▶ **WORK INSTRUCTION**: Starting at the line that contains "DearGod正韓女裝荷葉邊", return every line through the end of the data exactly, without pictures.

▶ **INPUT RECORDS**:

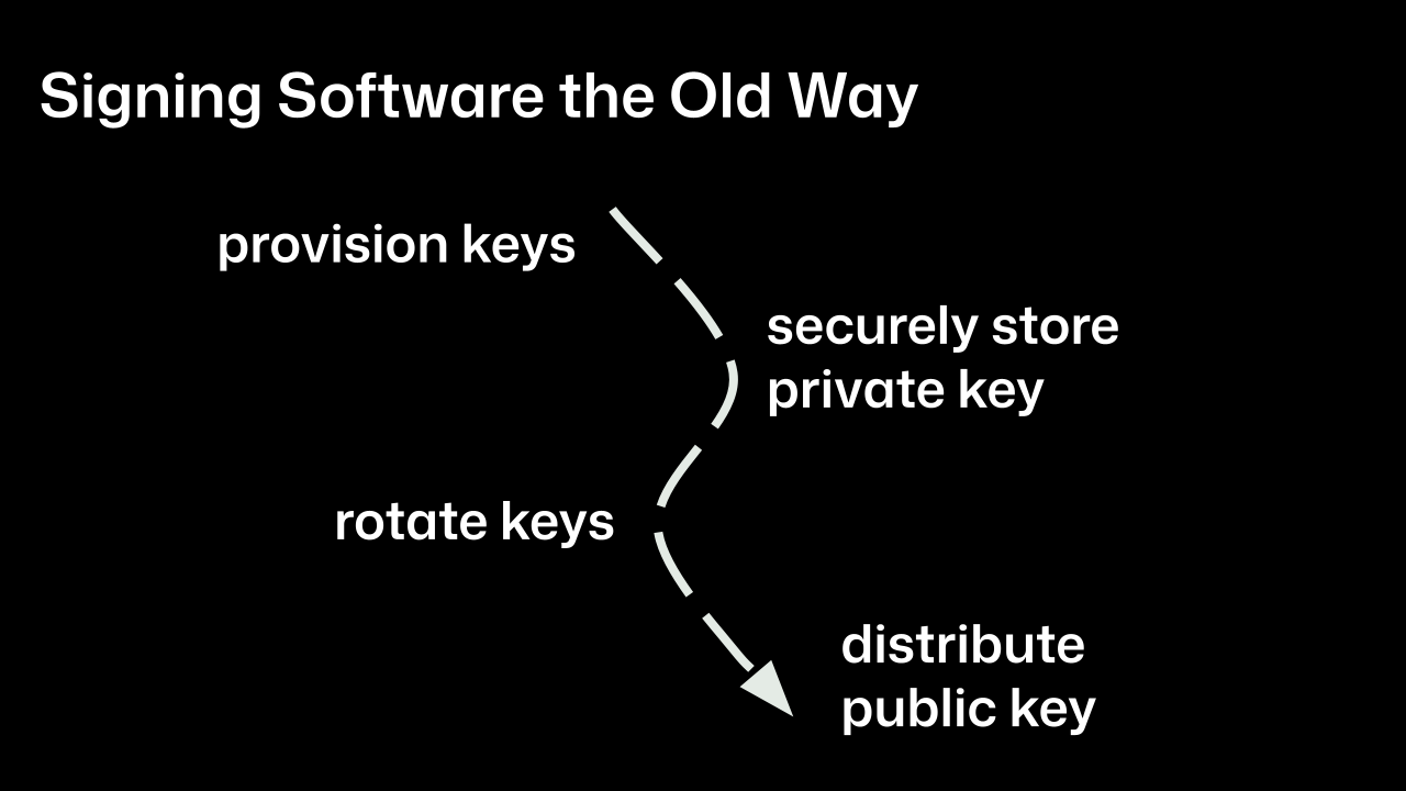 There have been different approaches to signing software over the years, but many of them are quite complicated and require a lot of manual steps. You have to provision a public / private keypair, and then keep the private key as protected as possible (since that's what generates the signatures) while simultaneously distributing the public key as widely as possible so people can verify the signature.
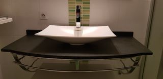 Disponible dans son caisson d'origine un plan en ardoise galbé neuf de haute qualité (modèle identique à la photo). Dim: 120 cm x 60 cm épaisseur 22 mm. Prix à débattre. (prix d'ac
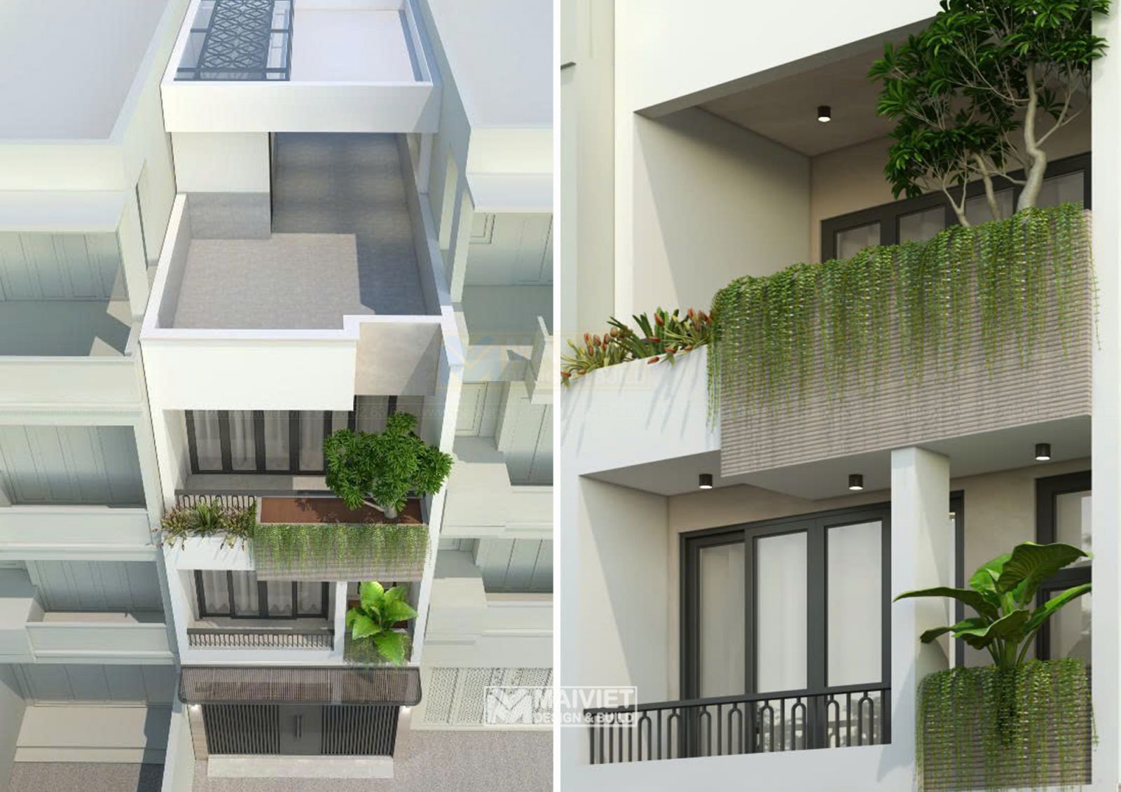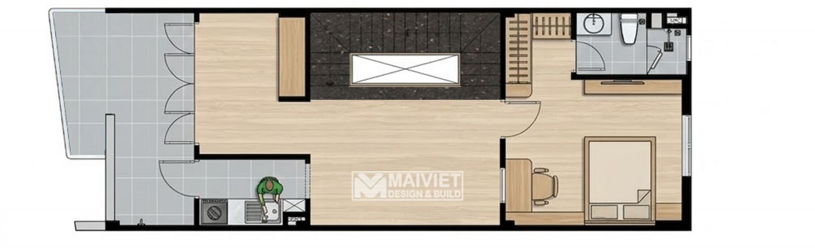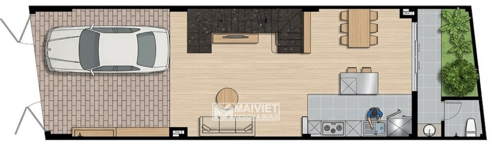 Điểm nhấn là khu vực sân vườn/giếng trời nhỏ phía sau cùng nhà vệ sinh, giúp đối lưu không khí và lấy sáng tự nhiên.
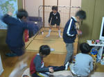 雨で外で遊ぶことが出来ないからみんなで人生ゲームをしようと思ったけど、部屋の中でボールを蹴ったり、飛んでくるボールにめげずに隙間でおもちゃで遊んでいたり(^_^;)
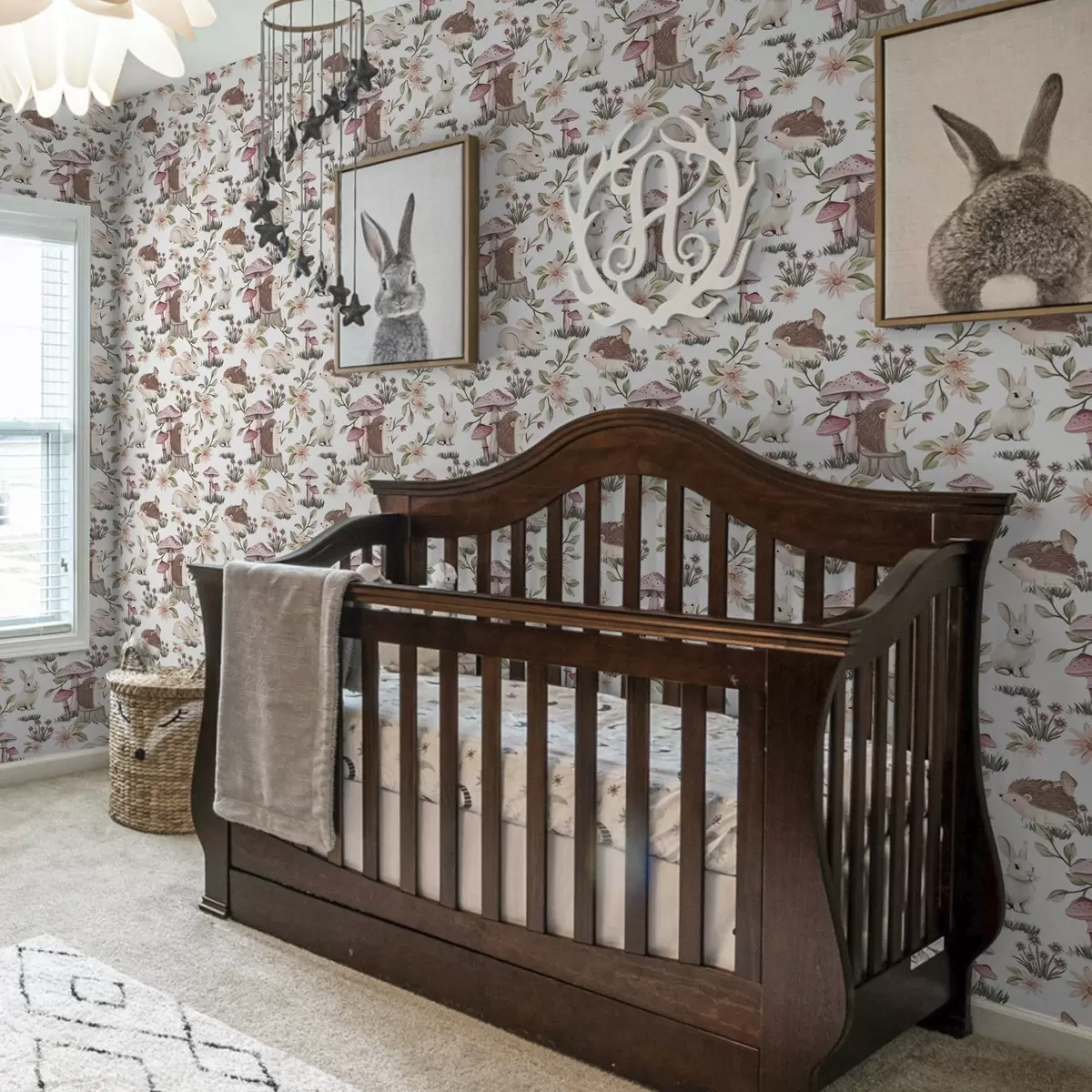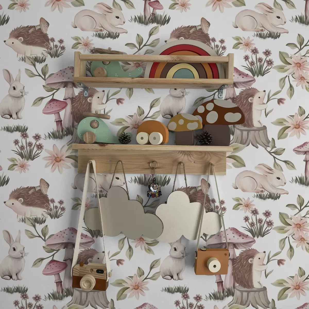 Tapet Arici și iepuri pe fundal alb cu flori delicate și ciuperci Nr. a00111v2
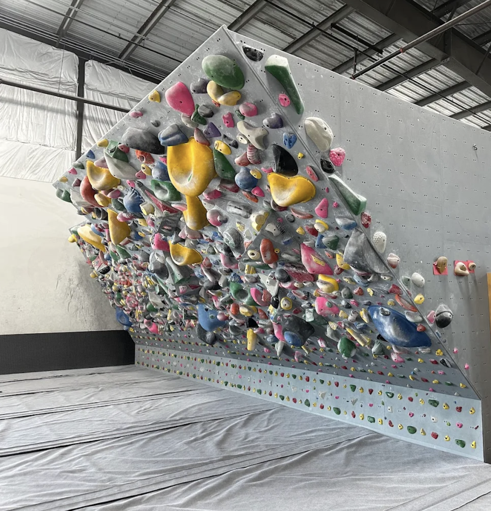 No harnesses or ropes here this is pure bouldering, meaning short, powerful climbs over thick crash pads (they're generous and well-maintained, so falls feel soft even from 12-15 feet up). The gym layout is insane: towering walls that mimic natural rock features overhangs, slabs, vertical faces, caves, and even some dynamic jump-start problems. Hundreds of boulder problems set at any time, color-coded by difficulty (V0 beginner all the way to V10+ beast mode), with fresh sets every few weeks from world-class routesetters. They keep it diverse: slabs for footwork precision, compression problems squeezing between features, powerful dynos that make you launch, and techy traverses that test your body tension.
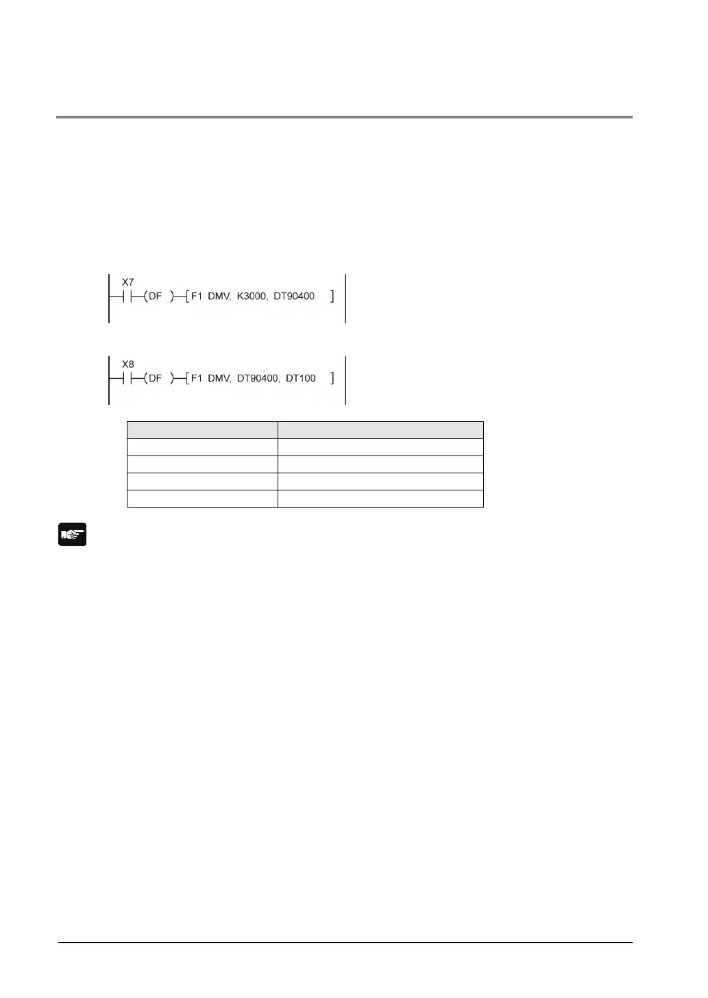 - When executing the F1 (DMV) instruction with DT90400, the elapsed value is stored as 32-bit data in
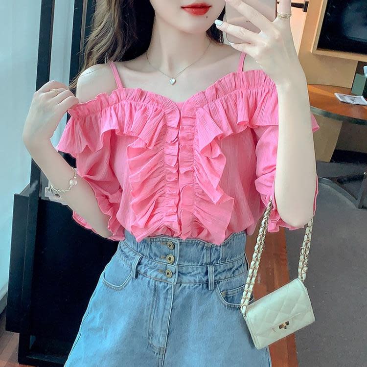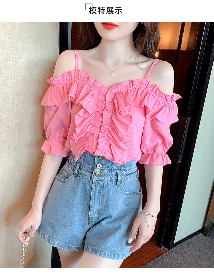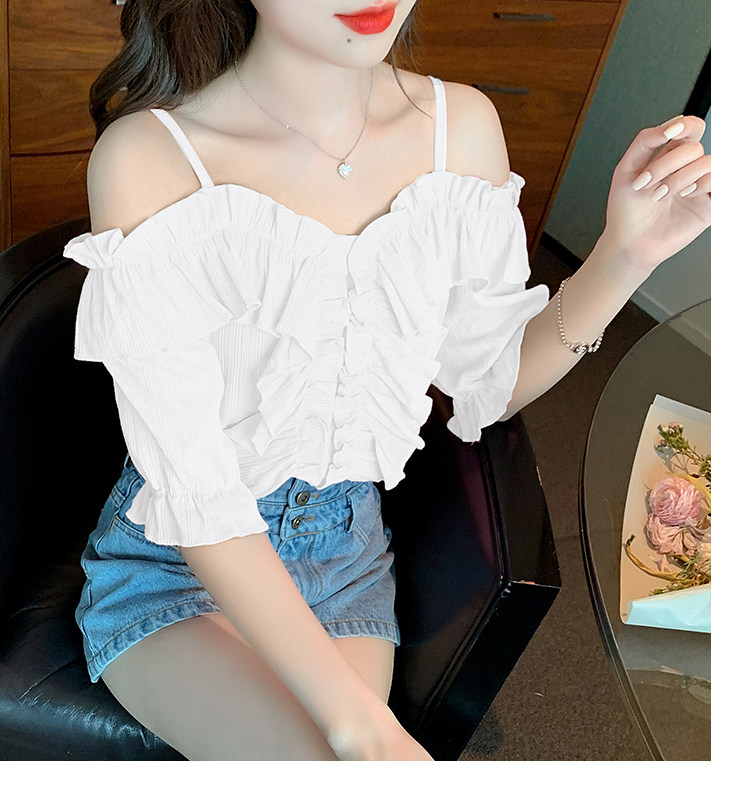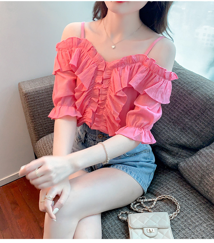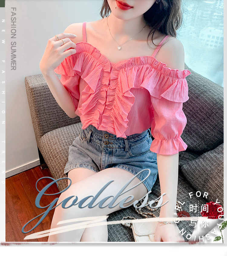 DearGod正韓女裝荷葉邊一字肩顯瘦吊帶短袖襯衫上衣夏季設計感小眾甜美別致襯衣女
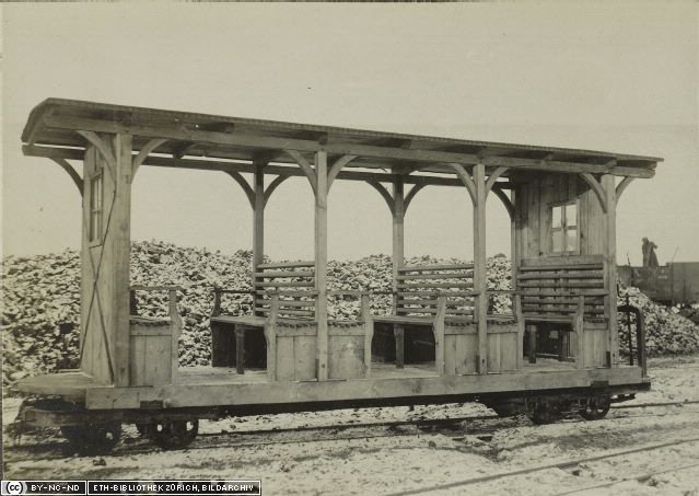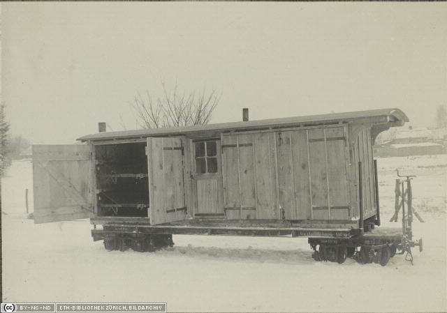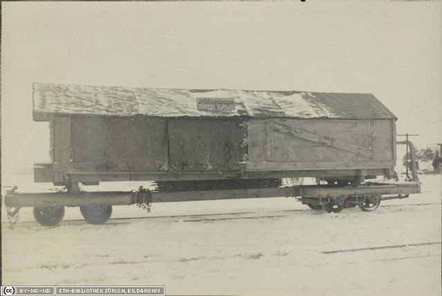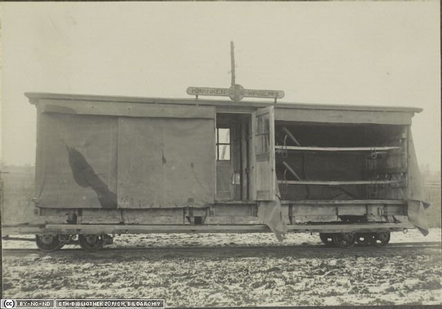 На чотирьох світлинах, які датуються 1916 роком, показані вагони для транспортування військових. Їх також використовували як мобільні медичні пункти для перевезення поранених. На знімки потрапив відтинок фельдбану Іваничі-Рачин.
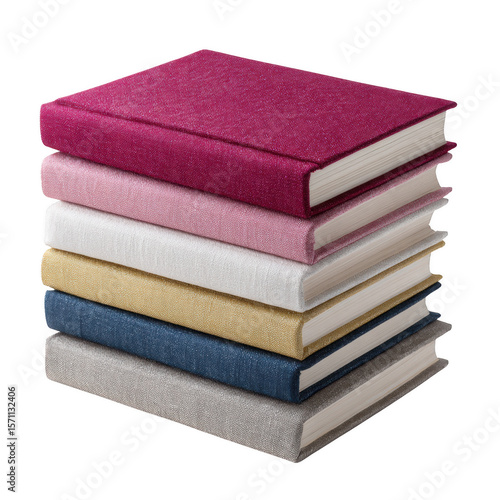 Stack of colorful, textured books on a reflective surface, showcasing various hues. Perfect for representing knowledge, reading, and educational themes.
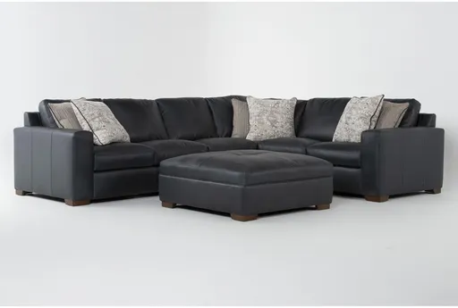 The Big Sur Blue Leather 136" 4 Piece L-Shaped Modular Sectional & Cocktail Ottoman brings casual comfort and style to your living room. Upholstered in 100% leather, this sectional offers durability and timeless appeal. The reversible orientation and modular design provide flexibility to fit your space and lifestyle needs.

▶ **ANSWER SECTION**:
 DearGod正韓女裝荷葉邊一字肩顯瘦吊帶短袖襯衫上衣夏季設計感小眾甜美別致襯衣女
 На чотирьох світлинах, які датуються 1916 роком, показані вагони для транспортування військових. Їх також використовували як мобільні медичні пункти для перевезення поранених. На знімки потрапив відтинок фельдбану Іваничі-Рачин.
 Stack of colorful, textured books on a reflective surface, showcasing various hues. Perfect for representing knowledge, reading, and educational themes.
 The Big Sur Blue Leather 136" 4 Piece L-Shaped Modular Sectional & Cocktail Ottoman brings casual comfort and style to your living room. Upholstered in 100% leather, this sectional offers durability and timeless appeal. The reversible orientation and modular design provide flexibility to fit your space and lifestyle needs.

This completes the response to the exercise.